WORK ITEM: Exactly the lines below from the one with "Assortment of sashimi" up to and including the one with "Nike High tops, size" make up the answer, with nothing else added.

TASK DATA:
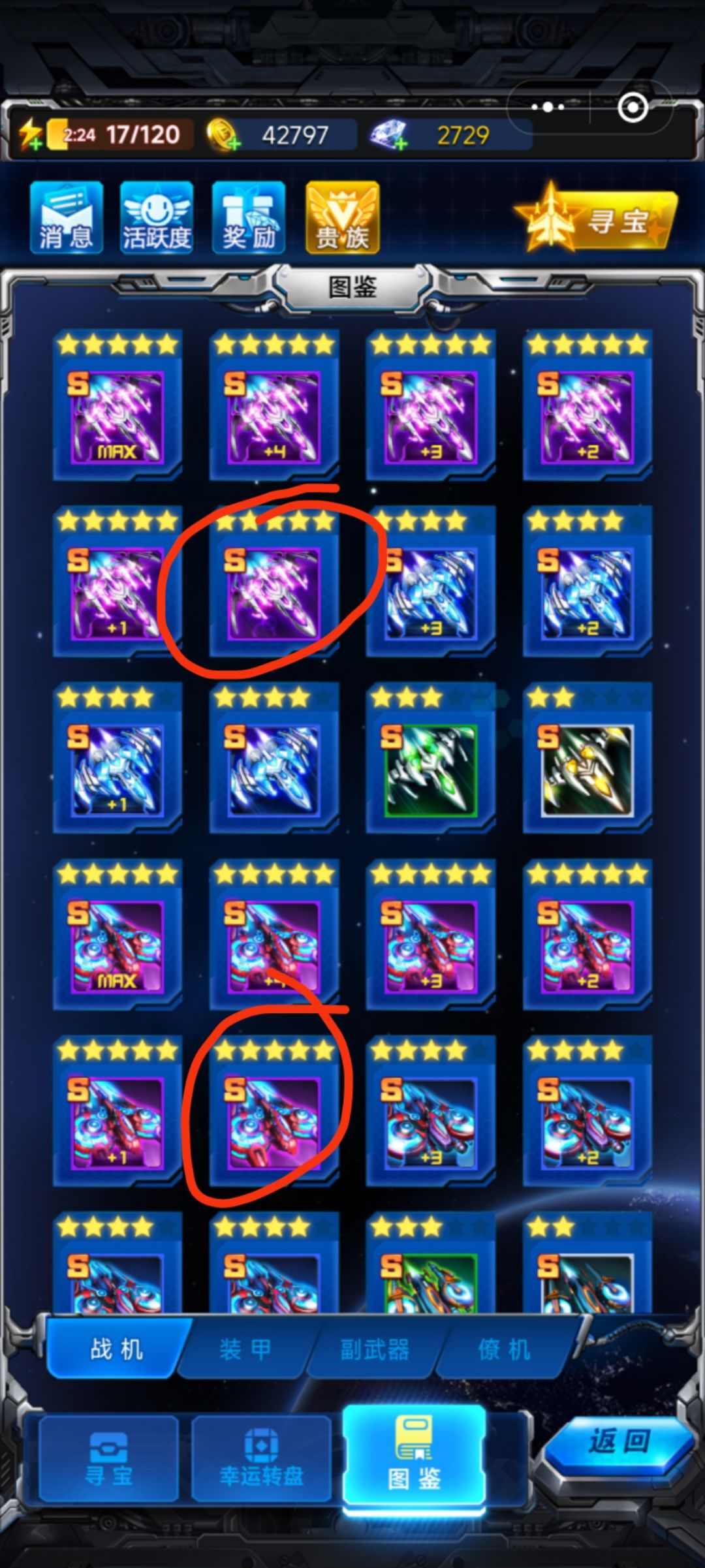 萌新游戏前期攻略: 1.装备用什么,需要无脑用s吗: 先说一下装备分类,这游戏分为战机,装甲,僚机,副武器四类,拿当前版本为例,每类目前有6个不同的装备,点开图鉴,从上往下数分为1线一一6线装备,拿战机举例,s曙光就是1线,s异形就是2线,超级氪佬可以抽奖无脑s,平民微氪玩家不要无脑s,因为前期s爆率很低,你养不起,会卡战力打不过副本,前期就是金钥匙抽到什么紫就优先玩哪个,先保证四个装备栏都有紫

--

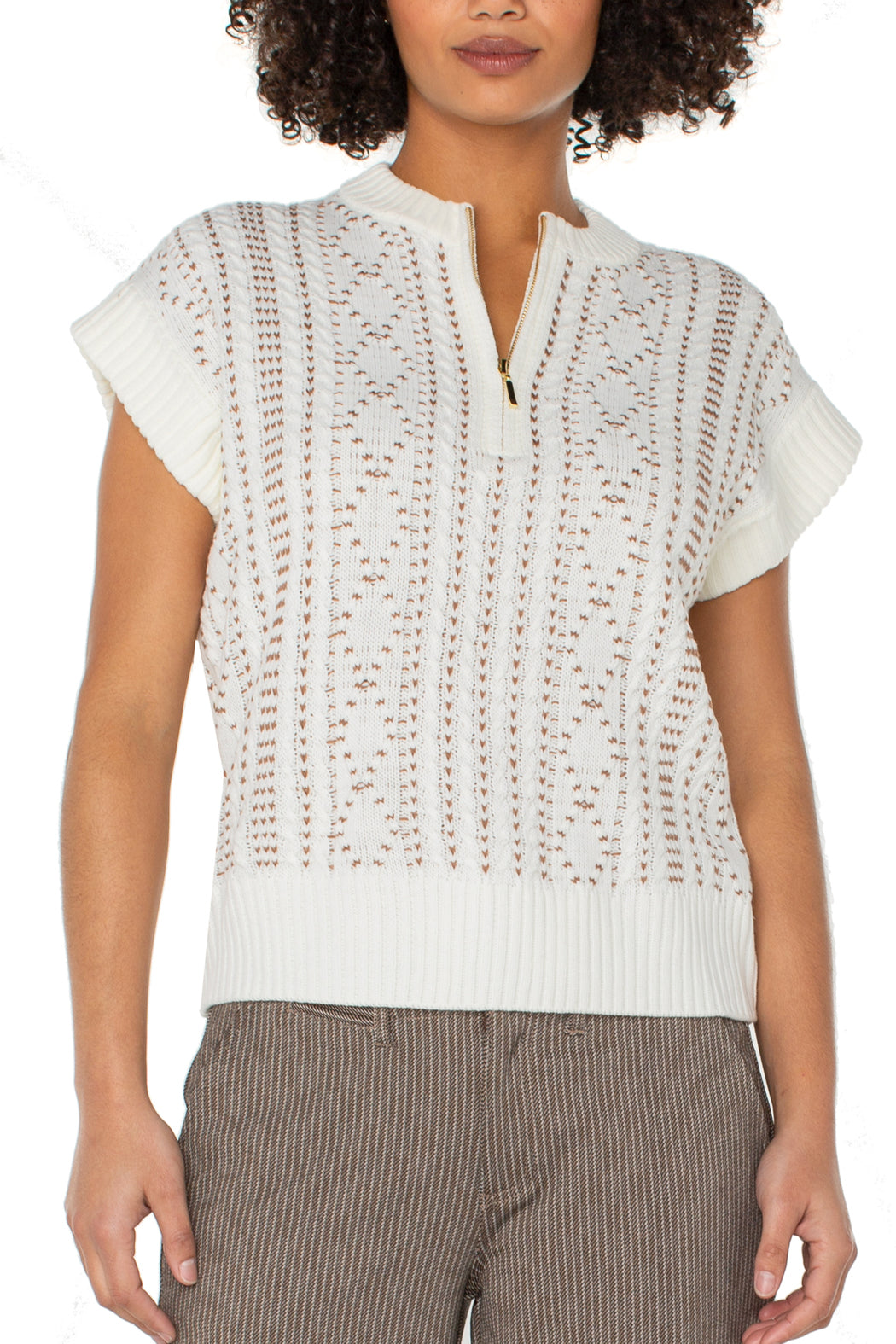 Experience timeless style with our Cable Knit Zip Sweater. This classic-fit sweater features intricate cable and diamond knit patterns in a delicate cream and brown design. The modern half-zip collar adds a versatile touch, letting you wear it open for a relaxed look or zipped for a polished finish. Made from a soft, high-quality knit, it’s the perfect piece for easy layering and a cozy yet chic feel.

==

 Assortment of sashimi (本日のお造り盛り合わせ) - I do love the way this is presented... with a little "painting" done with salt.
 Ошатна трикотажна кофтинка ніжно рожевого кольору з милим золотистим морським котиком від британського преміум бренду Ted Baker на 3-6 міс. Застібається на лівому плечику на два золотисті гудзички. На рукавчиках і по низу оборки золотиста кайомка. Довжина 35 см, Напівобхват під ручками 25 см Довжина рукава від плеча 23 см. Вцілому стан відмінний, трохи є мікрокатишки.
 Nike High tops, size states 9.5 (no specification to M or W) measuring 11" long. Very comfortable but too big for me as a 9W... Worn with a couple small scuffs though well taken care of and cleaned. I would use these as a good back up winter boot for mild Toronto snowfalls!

SOLUTION TO THIS TASK:
 Assortment of sashimi (本日のお造り盛り合わせ) - I do love the way this is presented... with a little "painting" done with salt.
 Ошатна трикотажна кофтинка ніжно рожевого кольору з милим золотистим морським котиком від британського преміум бренду Ted Baker на 3-6 міс. Застібається на лівому плечику на два золотисті гудзички. На рукавчиках і по низу оборки золотиста кайомка. Довжина 35 см, Напівобхват під ручками 25 см Довжина рукава від плеча 23 см. Вцілому стан відмінний, трохи є мікрокатишки.
 Nike High tops, size states 9.5 (no specification to M or W) measuring 11" long. Very comfortable but too big for me as a 9W... Worn with a couple small scuffs though well taken care of and cleaned. I would use these as a good back up winter boot for mild Toronto snowfalls!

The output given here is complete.